The alem.ai centre is a vertically integrated AI ecosystem under one roof, something we believe is unique globally. It runs a continuous talent pipeline from children aged 12, through adult re-skilling, to dedicated founder tracks and Big Tech lab placements, all in one building.

That building is also an iconic structure in Central Asia, a deliberate signal from the country’s leadership about where Kazakhstan is placing its long-term bet. In August, we will host part of the International Olympiad in Artificial Intelligence, welcoming national teams from over 60 countries.

Are graduates staying in Kazakhstan or leaving for higher-paying markets?

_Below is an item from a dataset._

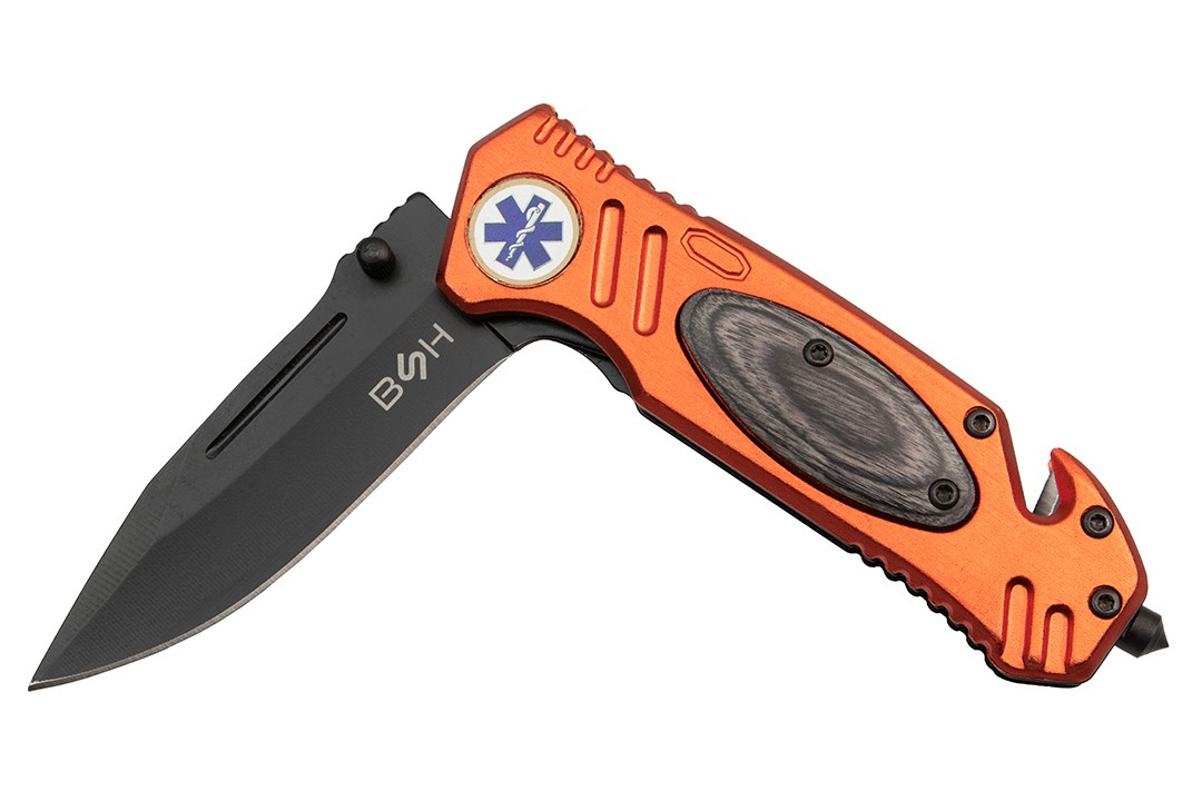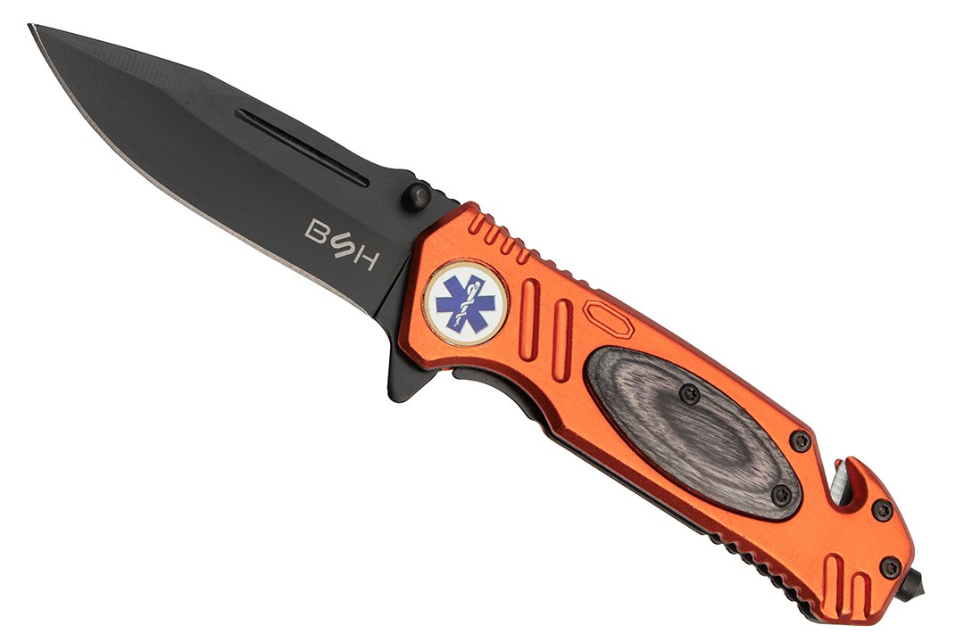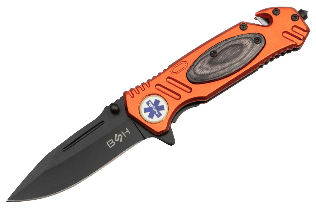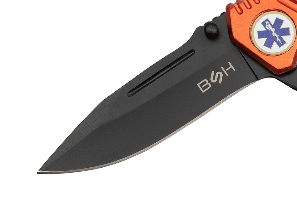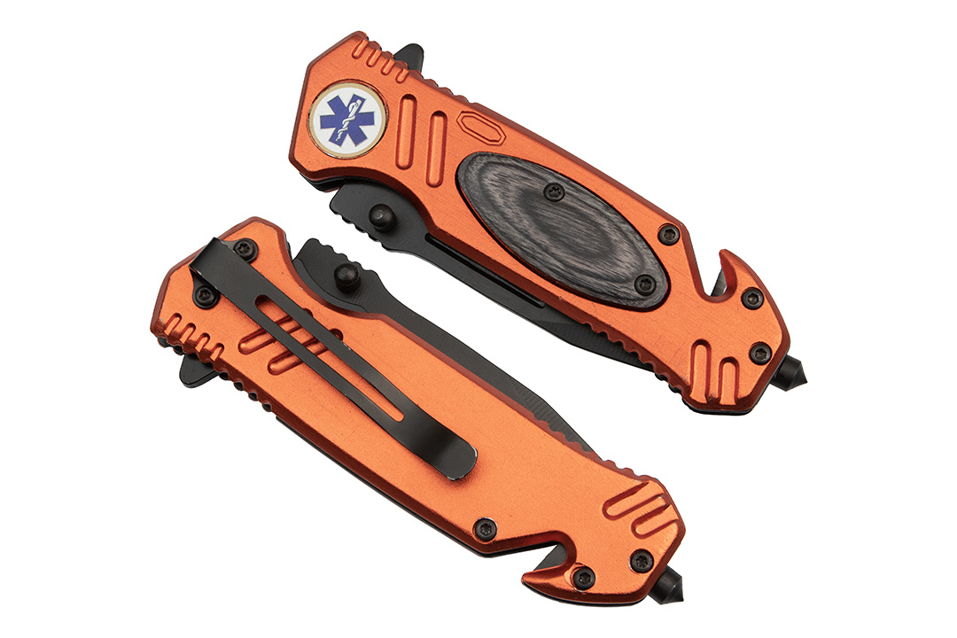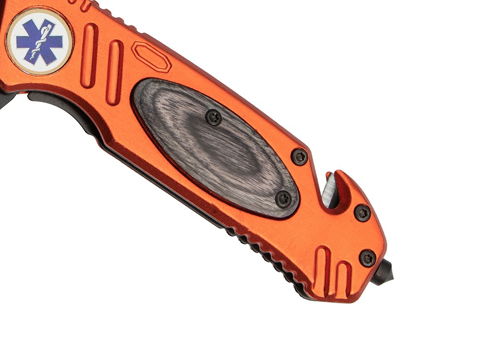 Nóż sprężynowy jest utrzymany w stylistyce ratunkowej, posiada odblaskowe, pomarańczowe okucia z aluminium oraz gwiazdę życia.

We do not frame this as brain drain; the world is becoming borderless, and what matters is building a strong community. We actively help founders go abroad to attract investment and launch products in the US, the UAE, and China. Most of them still build their teams and R&D centres back in Kazakhstan.

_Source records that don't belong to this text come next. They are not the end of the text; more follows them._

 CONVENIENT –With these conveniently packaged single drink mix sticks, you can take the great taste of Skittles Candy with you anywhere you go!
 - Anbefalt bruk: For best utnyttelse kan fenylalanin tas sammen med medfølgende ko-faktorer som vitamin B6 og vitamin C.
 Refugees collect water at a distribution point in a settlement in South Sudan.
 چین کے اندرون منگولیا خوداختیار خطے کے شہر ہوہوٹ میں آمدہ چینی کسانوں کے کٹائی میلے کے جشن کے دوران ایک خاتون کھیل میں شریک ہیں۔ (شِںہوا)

The most powerful argument for staying is Higgsfield, Kazakhstan’s first AI unicorn, now valued at over US$3 billion, built in Almaty with a team of 300 engineers whose average age is 25. You do not need to leave to build something world-class.

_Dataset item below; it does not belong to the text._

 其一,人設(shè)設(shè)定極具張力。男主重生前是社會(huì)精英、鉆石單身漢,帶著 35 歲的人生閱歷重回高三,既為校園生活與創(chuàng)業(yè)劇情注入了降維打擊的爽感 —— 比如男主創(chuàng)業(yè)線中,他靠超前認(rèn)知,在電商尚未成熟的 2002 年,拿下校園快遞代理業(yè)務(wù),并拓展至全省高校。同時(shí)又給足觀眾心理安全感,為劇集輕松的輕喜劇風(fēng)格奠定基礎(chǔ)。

Which international partners have delivered real outcomes, not just signed MOUs?

Several partnerships have moved well beyond paper.

With Google, we launched the Silkway Accelerator — seven batches in, with graduates now carrying a combined valuation exceeding US$500 million.

With OpenAI and Stanford, we ran the AI Leaders programme across nine countries, reaching 800-plus executives.

With Telegram, we are launching the AI Olympiad and ICPC Bootcamp, and the company is opening an AI Lab at alem.ai.

With Draper University and Alchemist Accelerator, Tim Draper has personally invested US$2 million into Kazakhstani startups.

With Apple, a training centre is operating within the ecosystem.

Is there a genuine pipeline of Southeast Asian investors and startups looking at Kazakhstan?

Yes, though the potential has not been fully realised yet. We are opening a presence in Kuala Lumpur, working with Temasek and Quest Ventures, and seeing growing interest from Singaporean investors.

The roadblock is not a lack of opportunity, but a lack of awareness. Southeast Asia is very familiar with its own corridor; Central Eurasia remains undiscovered despite its talent base and fast-growing digital economy. That is precisely what we are working to fix.

Kazakhstan borders both Russia and China. How do you navigate that geopolitically when attracting Western partners?

Kazakhstan is a neutral country by design and we have turned that into a strategic advantage. After 2022, more than 500 global tech companies relocated here from Russia, bringing significant developer talent. From China, we adopt hardware and industrial technology. From the US, we attract capital and infrastructure, including NVIDIA chips. Our most active international hub is in Silicon Valley, where resident companies have attracted over US$300 million in investment.

Also Read: Is the AI industry profitable? Yes, just not where you’re looking

It is a puzzle only a country with Kazakhstan’s geography, neutrality, and foreign policy could assemble.

Venture capital in Central Asia is thin. Are there any homegrown VC funds of meaningful scale?

Kazakhstan leads the venture market across Central Asia and the CIS. The recently established fund of funds, Alem Capital Management, has a first fund of US$100 million, 70 per cent from private capital, with a target of attracting US$1 billion in venture investment over five years. Active local investors include Freedom Holding, MOST Ventures, Big Sky, Astana Hub Ventures, MA7 Ventures, and the Silkroad Angels Club.

What sectors are producing Kazakhstan’s most promising startups, and is it market demand or government money driving them?

AI, edutech, and fintech, and they are driven by talent, not government priorities. That distinction matters. Startups chasing government contracts stay domestic. Kazakhstan’s market is simply not large enough to produce valuations above US$100 million on its own. Unicorns are built for global markets. Higgsfield proves that.